When a play carries a title like Anatomy of a Suicide, audiences often expect a clinical examination of death. What they will encounter instead is something far more unsettling — a discovery of what remains behind.
Written by 2018 Susan Smith Blackburn Prize winner, playwright Alice Birch — Anatomy of a Suicide follows three women: Carol, Anna and Bonnie (mother, daughter and granddaughter) who occupy the same theatrical space with their stories intersecting across time in a daring narrative structure that has earned international acclaim since its 2017 premiere at London’s Royal Court Theatre.

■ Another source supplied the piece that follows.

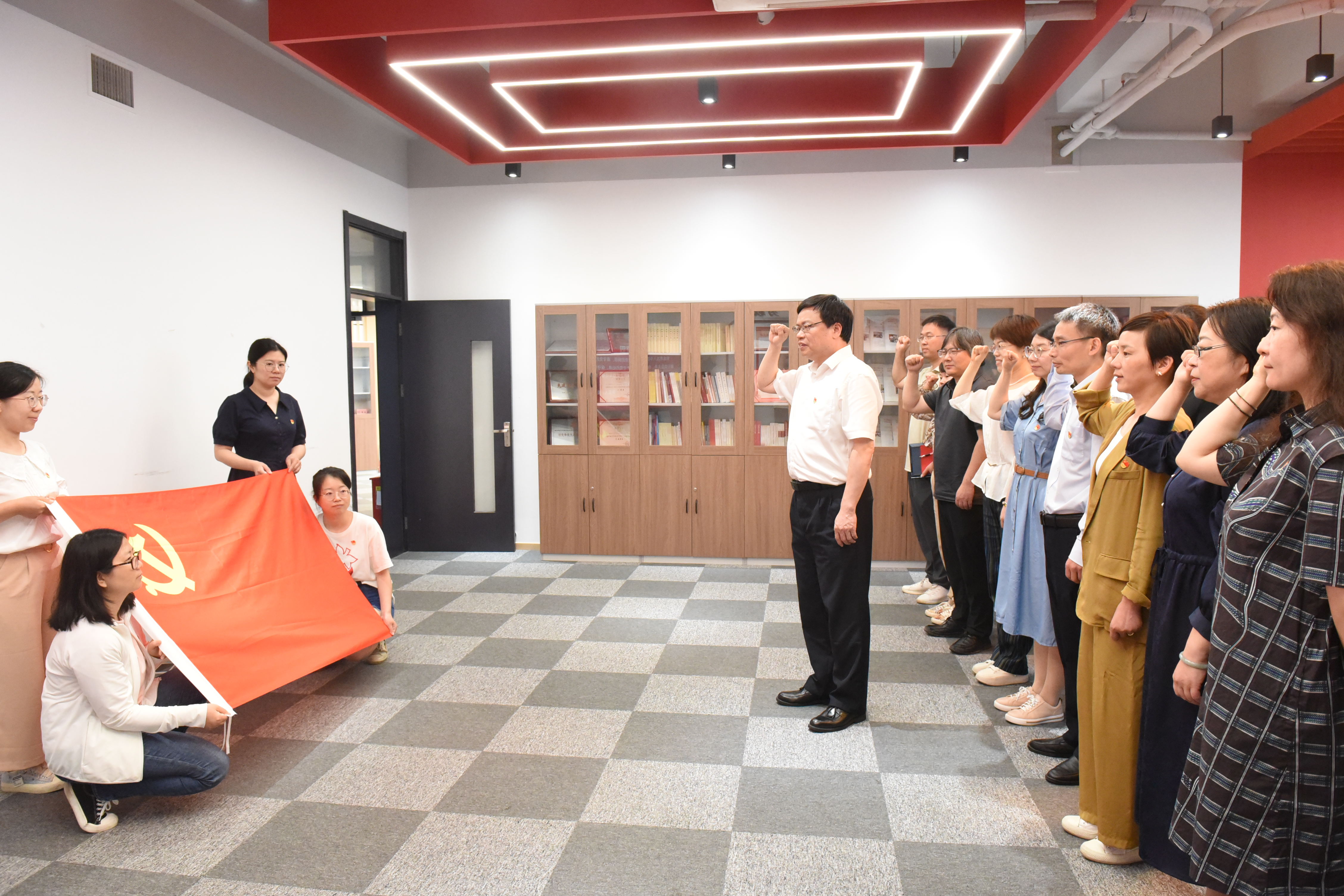 会后,夏春明副校长在现代交通工程中心7-1003室带领与会党员重温入党誓词。

For director, Mohit Takalkar, the play’s power however revealed itself long before rehearsals began. “The play was a structural shock before an emotional shock. I had never encountered a play where three generations coexist so fluidly and violently inside the same theatrical breath,” begins Mohit, expressing his first impressions after indulging in the story.
What began as an experiment gradually reveals itself as an exploration of deep emotions on stage. Carol struggles with severe depression, Anna battles addiction and Bonnie attempts to build a life free from the shadows that preceded her. Yet Alice’s writing resists easy explanations, questioning whether pain is inherited, learned, repeated or endured.
Though rooted in a British context, the play finds an uncanny familiarity in Indian households. “In India, we still inherit silence very efficiently within families. Particularly around mental health, addiction, caregiving, emotional exhaustion and women’s inner lives. People weren’t saying, ‘I know someone like this.’ They were saying: this silence exists in my family,” explains the director. For Mohit, the play’s greatest revelation was its focus on continuity rather than catastrophe. “The play wasn’t treating suicide as an isolated act. It was examining emotional inheritance. The way pain mutates, survives, hides and sometimes quietly repeats across generations,” avers Mohit.
Our discussions with Mohit further revealed that he intended for the production to resist the temptation of sensationalising suffering. Instead of dramatic spectacle, the attempt is to find meaning in pauses, unfinished conversations and moments of missed connection. The focus remains firmly on human complexity, refusing easy diagnoses or simple explanations.
In a cultural moment increasingly concerned with mental health and intergenerational trauma, Anatomy of a Suicide offers neither solutions nor certainty. What it provides instead is a rare opportunity to witness how the stories that families avoid discussing can continue to shape the lives that follow.
INR 500. June 6, 3.30 pm & 7.30 pm. At Ranga Shankara, JP Nagar.